Going to have to remember that when calling the lad at college in Moscow.

I am bound to get confused being a bit of a thicky-twin!

Meanwhile it seems Russian WTO entry is about to become a reality as Georgia will no longer block Russian entry.  (Well done the Swiss negotiating team).

Membership of the Eurasion Customs Union soon becomes much more of a possibility for Ukraine as the lack of Russian WTO membership was a major political stumbling block in Kyiv.  It didn’t stop an FTA with the CIS nations however, already signed sealed and delivered.

Meanwhile the EU slumbers on as both key nations East (Ukraine) and South (Turkey) begin to look away.


“Greening” Odessa

October 30, 2011

Now the issues of environmental and ecological impact on our surroundings is not to be taken likely.  I say that as somebody who has written and enforced numerous ISO14001 environmental policies, environmental audit procedures and emergency environmental response plans both for major companies, major projects and town councils.

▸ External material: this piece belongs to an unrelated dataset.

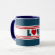 Diseño de amor con forma de corazón en estilo náutico sobre fondo rayado azul, rojo y blanco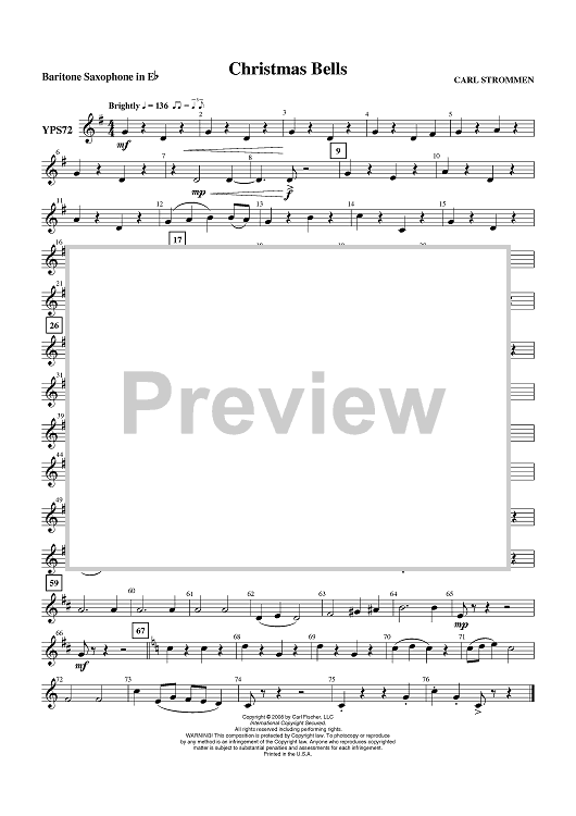 "Christmas Bells - Baritone Sax" Sheet Music by Carl Strommen

It is therefore exceptionally pleasing to so see Odessa City Council generating competitions to promote environmental awareness, environmental planning and generally pushing “greening” to the top of its agenda (or at least near the top of the City Website for the moment).

However, if you are interested in entering and the chance of winning awards, you need to get your finger out as 15th December is judgement and presentation day.  A close read of the text would inform the reader that the awwards are for projects from 2009 – 2011, meaning some will have almost a two year head start and have implemented their projects thus being able to provide some form of quantitative empirical results whilst you are currently rushing for you pencil and pad, rapidly creating your green masterpiece.

A little more lead-in time by way of earlier announcement of the competition would have been somewhat beneficial maybe?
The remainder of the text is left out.